> Exercise instructions: Without the pictures, repeat all of the data exactly as it appears below.

> Recorded information:
####
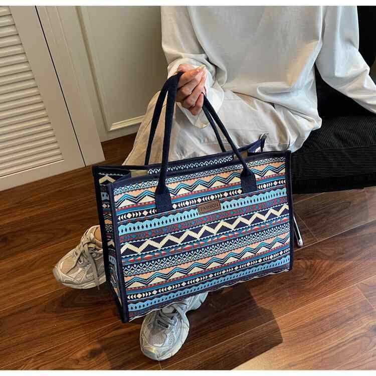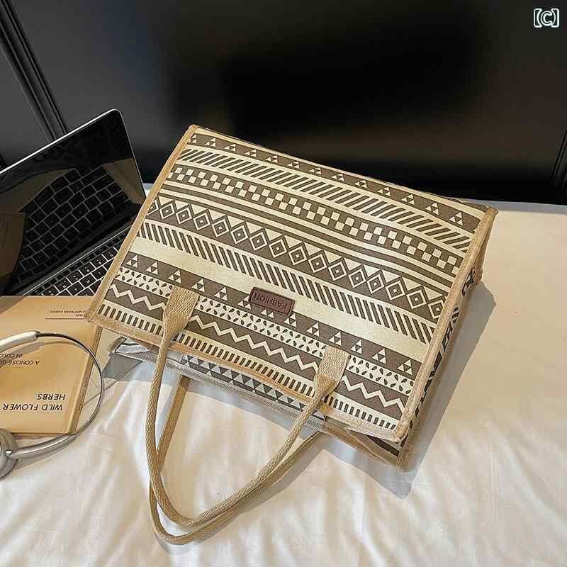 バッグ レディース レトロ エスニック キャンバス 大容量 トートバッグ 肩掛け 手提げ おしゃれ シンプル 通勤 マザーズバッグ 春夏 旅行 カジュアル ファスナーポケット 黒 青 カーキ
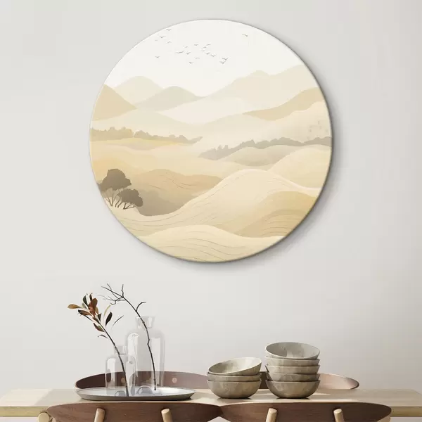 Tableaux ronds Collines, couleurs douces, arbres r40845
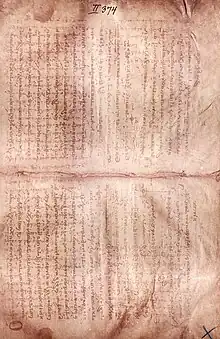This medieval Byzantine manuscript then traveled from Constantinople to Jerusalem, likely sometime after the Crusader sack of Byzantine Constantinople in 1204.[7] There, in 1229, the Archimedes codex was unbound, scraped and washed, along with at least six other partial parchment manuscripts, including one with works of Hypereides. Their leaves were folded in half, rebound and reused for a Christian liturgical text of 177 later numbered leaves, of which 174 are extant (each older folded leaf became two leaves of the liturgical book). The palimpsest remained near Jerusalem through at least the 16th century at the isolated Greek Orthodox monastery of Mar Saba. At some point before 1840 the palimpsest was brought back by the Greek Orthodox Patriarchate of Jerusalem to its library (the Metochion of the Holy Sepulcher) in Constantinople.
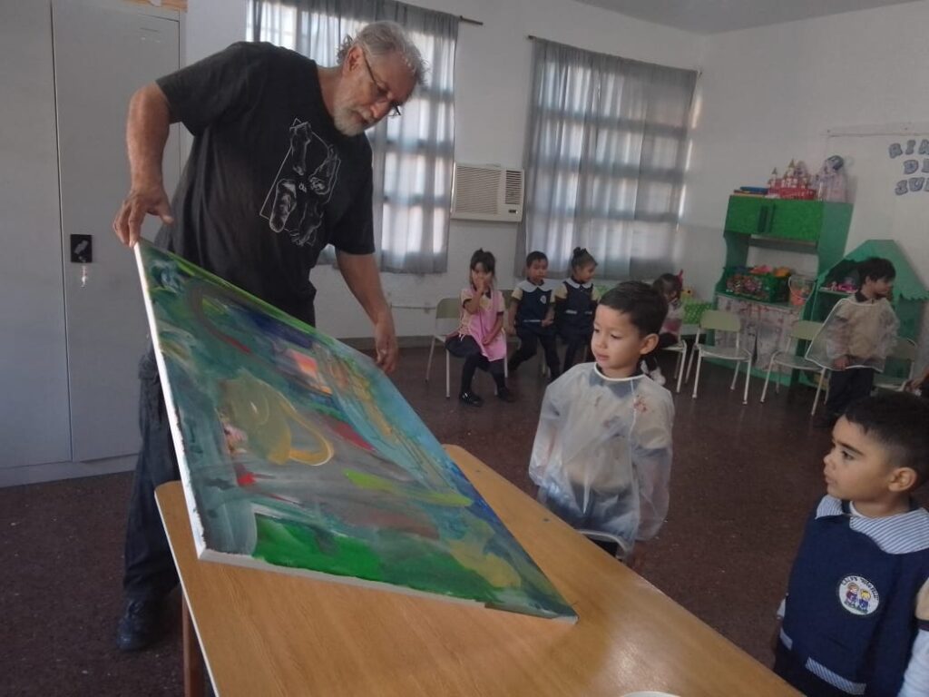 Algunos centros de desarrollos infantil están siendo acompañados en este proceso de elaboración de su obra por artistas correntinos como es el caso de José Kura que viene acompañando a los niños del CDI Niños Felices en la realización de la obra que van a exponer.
####
> Solution to the exercise:
 バッグ レディース レトロ エスニック キャンバス 大容量 トートバッグ 肩掛け 手提げ おしゃれ シンプル 通勤 マザーズバッグ 春夏 旅行 カジュアル ファスナーポケット 黒 青 カーキ
 Tableaux ronds Collines, couleurs douces, arbres r40845
This medieval Byzantine manuscript then traveled from Constantinople to Jerusalem, likely sometime after the Crusader sack of Byzantine Constantinople in 1204.[7] There, in 1229, the Archimedes codex was unbound, scraped and washed, along with at least six other partial parchment manuscripts, including one with works of Hypereides. Their leaves were folded in half, rebound and reused for a Christian liturgical text of 177 later numbered leaves, of which 174 are extant (each older folded leaf became two leaves of the liturgical book). The palimpsest remained near Jerusalem through at least the 16th century at the isolated Greek Orthodox monastery of Mar Saba. At some point before 1840 the palimpsest was brought back by the Greek Orthodox Patriarchate of Jerusalem to its library (the Metochion of the Holy Sepulcher) in Constantinople.
 Algunos centros de desarrollos infantil están siendo acompañados en este proceso de elaboración de su obra por artistas correntinos como es el caso de José Kura que viene acompañando a los niños del CDI Niños Felices en la realización de la obra que van a exponer.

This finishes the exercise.